В ноябре 1598 года, когда Лопе находился на службе у маркиза Саррия, вышел в свет и его крупный пасторальный роман «Аркадия», написанный в Альба-де-Тормес, где он находился во время изгнания под покровительством дона Антонио, герцога Альбы, ставшего главным героем романа под именем пастуха Анфрисо; собственно, ему роман и был посвящен. Однако же ради опубликования сего произведения в посвящении были сделаны изменения: вместо имени дона Антонио, герцога Альбы, там стояло имя Педро Тельеса Хирона, герцога Осуны, и имя его супруги Каталины Энтикес де Ривера, дочери могущественного и очень опасного человека — герцога Алькалы, то есть стояло имя той самой дамы, на которой, несмотря на решительные шаги, предпринятые Филиппом II, герцог Альба отказался жениться. Можно, пожалуй, поклясться, что Лопе получил некоторое удовлетворение от того, что показал, насколько он отдалился от дона Антонио, оказав столь высокую честь той, что доставила герцогу Альбе столько неприятностей. Однако следует добавить, что муж этой дамы, герцог Осуна, был не только замечательным полководцем и отчаянным храбрецом, но также поэтом и человеком очень благородным. Из письма, написанного Лопе много позже, в 1620 году, и адресованного графу Лемосу, известно, что однажды герцог Осуна отправил Лопе 500 экю, это была солидная сумма, почти равная той, что милостиво выплачивал Лопе герцог Альба в качестве годового жалованья, когда тот служил у него секретарем.
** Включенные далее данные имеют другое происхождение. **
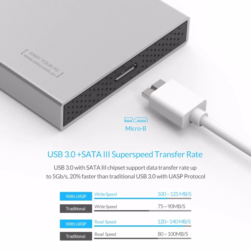 1 x caja de disco duro de aluminio ORICO de 2,5 pulgadas

Продолжая сохранять необыкновенную работоспособность, Лопе вдохновенно трудился над третьим произведением, которое и опубликовал в начале 1599 года. Речь идет о пространной поэме, прославляющей Исидора-землепашца, чрезвычайно почитаемого в народе святого, считающегося покровителем Мадрида. День этого святого отмечают в Испании 15 мая и никогда не путают Исидора-землепашца со святым Исидором Севильским, архиепископом и одним из Отцов Церкви. В этой поэме, являющейся новаторским вариантом агиографического произведения, то есть жития святого, Лопе прославил самого смиренного, самого скромного из испанских святых. В этой поэме Лопе говорит устами жителя Мадрида, поклоняющегося святому и ежедневно молящего его о покровительстве и заступничестве, говорит изысканным, изящным, отличающимся мягкой плавностью языком. Он повествует о жизни этого трудолюбивого, терпеливого, милосердного человека, «доброго, как хлеб», по выражению самого Лопе. Автор создает целую серию картин простой жизни этого труженика, запечатлевая главные моменты его жизни.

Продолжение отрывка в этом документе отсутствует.